Why did I unplug, you ask? Because it turns out that traditional C9 bulbs burn like Satan’s own fury. Those suckers get hot, immediately. No big deal, except that it’s virtually impossible to see how the stupid things look on the tree when they’re not lit. I just started poking them all over the place, frustrated as hell. That’s when I lost my grip on part of the strand – from the top of the ladder because did I mention that this mother effing tree is nine feet tall? – and dropped it and shattered a blue bulb all over the floor. Right where I need to step to get off the mother effing ladder. Got that cleaned up and then it was time to enter Zoe’s practice time into my laptop, which meant I had to scrub my hands to get rid of the dirt that now coated them, because the strands were used outside for years and are disgusting. Disgusting.

I gave up. Took Zoe to her piano lesson, and when she asked, “Mom? Are you okay?” I went on a five-minute tirade about how this Christmas tree is bullshit. Then we cranked “Party Rock Anthem” and did some car dancing and I felt much better. I worried about using the lights because of the heat, thinking, “We won’t be able to leave them on when we’re not home. I’ll be too anxious about burning the house down. Shit.” so I made an executive decision. After dropping Zoe off at her lesson, I drove straight to Target to buy LED lights with plastic covers. Clean. Unbreakable. Cool. Bright. Easy.

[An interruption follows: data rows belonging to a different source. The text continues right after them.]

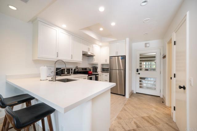 Turnkey Resort Living Investment at Omni La Costa. Stylishly updated 2 bedroom, 1.5 bath single-level residence is one of the few Carlsbad condos that allows short-term vacation rentals with no owner-occupancy restrictions, making it ideal for investors, second-home buyers, or full-time residents who want resort-style living with income potential. The open-concept remodeled kitchen features white shaker cabinetry, white stone countertops, stainless steel appliances, and a bar-height peninsula that flows seamlessly into the living area. Custom cabinetry throughout, vaulted ceilings with recessed lighting, black granite bathroom countertops and ceiling fans. The primary bedroom opens through sliding glass doors to a private balcony with resort views. The unit is sold completely furnished and ready for guests to move-in — the seller's established property manager is available to continue managing the unit for a seamless transition. Secured parking with elevator access, secure building entry, and resident-only pool and BBQ area. Walk to the Omni La Costa Resort's championship golf courses — host of the NCAA Division I Golf Championships through 2028 — world-class spa, tennis and pickleball courts, fine dining, and shopping. Minutes to Carlsbad and Encinitas beaches and the I-5 corridor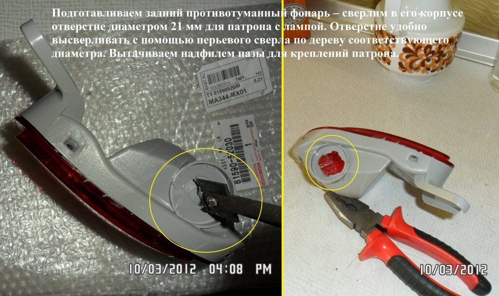 31.Начинаем подготавливать задний ПТФ – в его корпусе нужно просверлить отверстие (диаметр 21 мм) отверстие нужно для патрона с лампой. Данное отверстие удобно высверлить при помощи перьевого сверла по дереву. Пазы для креплений патрона нужно вытачить надфилем. Стружку, которая попала внутрь заднего противотуманного фонаря выдуваем пылесосом.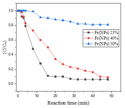 Additionally, catalytic reduction tests were performed to evaluate whether these structural differences led to changes in the catalytic activity of the Fe(NPs).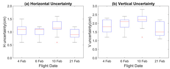 Figure 4 shows the box plot of the horizontal and vertical uncertainties calculated for each of the surveying days. Each box plot was drawn based on the coordinates of 17 GCPs. All horizontal and vertical uncertainties ranged under 1.6 cm and 2.8 cm, suggesting that the in situ GCP positioning was successful.

I immediately felt better, even though I knew it meant a discussion with M. After we got home, I started placing the first strand of LEDs on the tree. They look fantastic. I got the bottom quarter wrapped, and Zoe and I decided that these would work just fine. Then we Facetimed with M and after a while I forgot about hiding the tree from him (my goal was to get the entire thing lit and then give him the choice of taking it all off if he didn’t like it, knowing full well he wouldn’t, which is the same tactic I used when I started painting colors on the white walls of our old house after he insisted on no colors and then left on a business trip) and he caught a glimpse of it in the background and then the interrogation started (Where did you get them? How much did they cost? How many bulbs are on a strand?). And the whining about how he wants the traditional C9s. We argued over the probability of the C9s causing a thermal event with the tree. It was one of our finer moments.

So the tree is one-quarter lit and there’s a bulb cover missing on the new strand and I know I should take it all off and return it to Target but I’m just so tired of dealing with this project that I’m considering just poking that one in the back and forgetting about it, until M notices (because he always notices) and we have a discussion about it. I think I’ll spend the rest of the night in bed, in the other part of the house that doesn’t contain bins and hand tools and various holiday lighting fixtures and is actually calm and free from clutter. Avoidance is a wonderful coping mechanism.